Wishart adds that while Health Canada has used webinars to give direction to industry, the feedback has been that everything is all about context.

“The context is that you can’t put a billboard in an airport because that’s general public advertising,” says Wishart. “Within the scope of advertising that’s not to the general public, you have the classic bathroom advertisements in bars and those are being used.”

Zborovski says the best thing lawyers can do for industry at this stage is to be aware of the prohibitions contained in the act and to look to see what other cannabis businesses are doing and asking clients to do the same.

“This is all about risk management right now,” says Zborovski.

“It’s risky to do any promotion whatsoever, full stop, so let’s find out where the client is comfortable on the risk continuum, and as a lawyer, I help inform that decision based on what I see in the industry based on what other players are doing.”

Maurer says that if a company is making a representation that is not likely to influence behaviour — such as putting a brand out there without any statement — it gets the name out there but is not selling a product. This can include things such as a safe driving campaign.

“It is heavily restricted,” says Maurer.

“Smart companies are finding ways to play within the grey area.
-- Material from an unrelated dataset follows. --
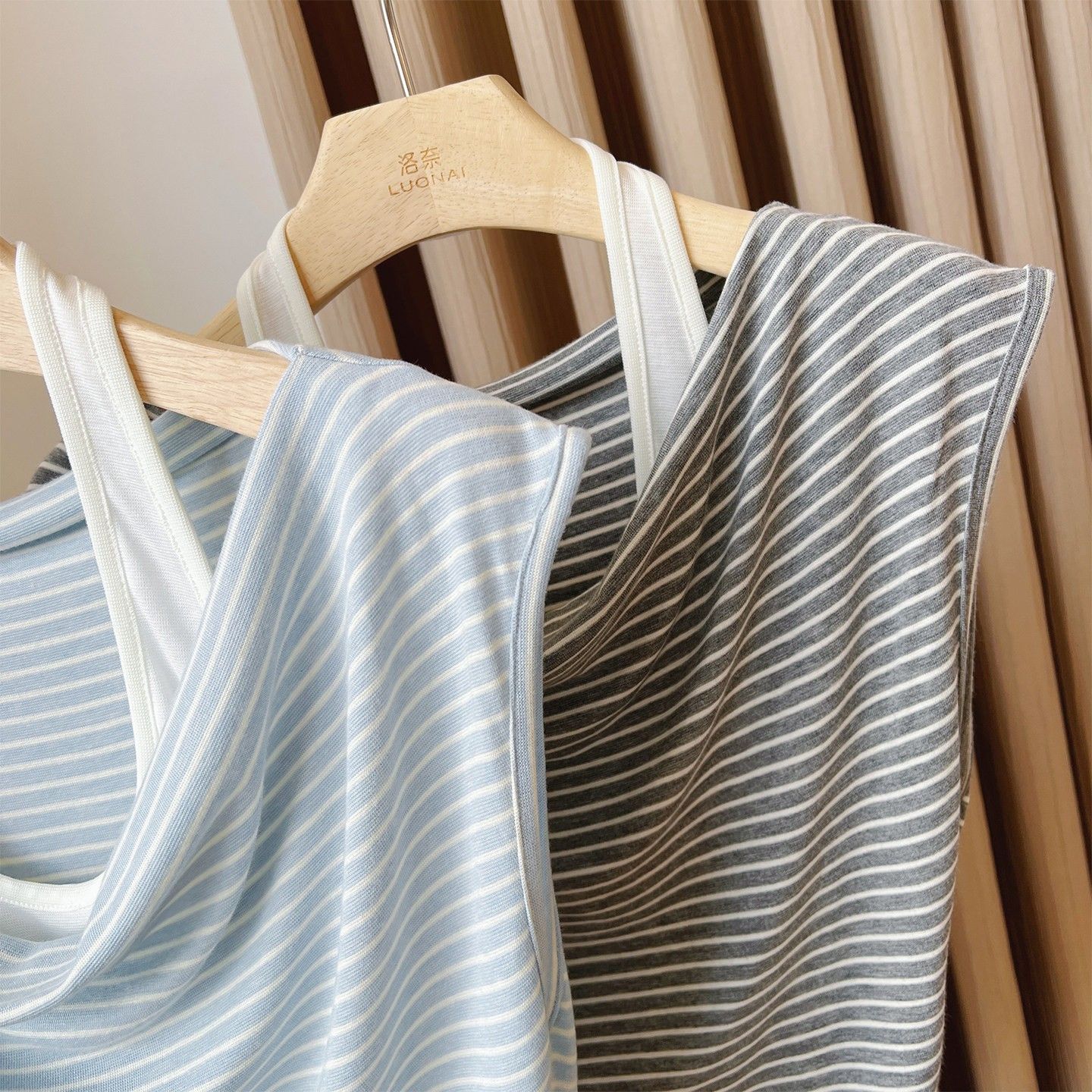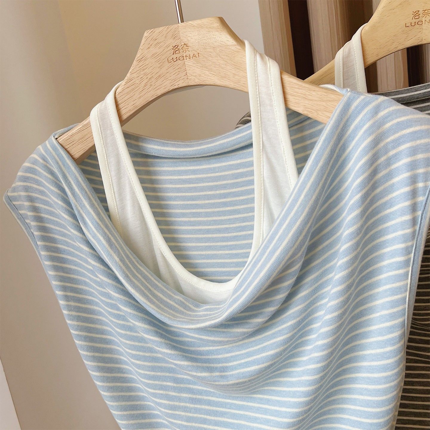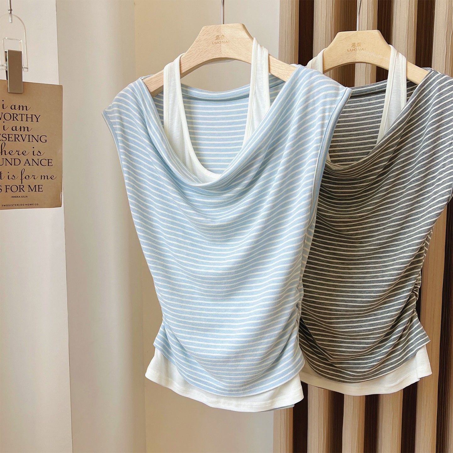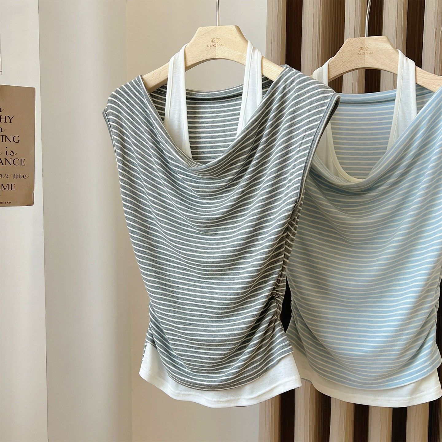 BY12465# 条纹t恤女夏季新款设计感褶皱收腰假两件挂脖坎肩无袖荡领上衣潮 服裝批發女裝批發服飾貨源

If you’re utilizing a safe driving campaign, it makes it hard for the government to crack down on that.”

Even though the rules in Ontario prohibit licensed producers from operating retail locations, Maurer notes that there is a proposed Tweed-branded store planning to open up in London, Ont., thanks to a licensing arrangement.

Wishart says that this kind of licensing is expensive, but if it’s one of the only ways for cannabis companies to promote their brand, then they will be willing to spend the money.

“There’s nothing prohibiting [licensed producers] from partnering with retailers to promote their brands inside the store,” Maurer says.

“In theory, once you’re inside the store, the rules are even more relaxed because a cannabis store in Ontario is not allowed to have minors inside, so under the federal legislation, it triggers one of the exceptions.”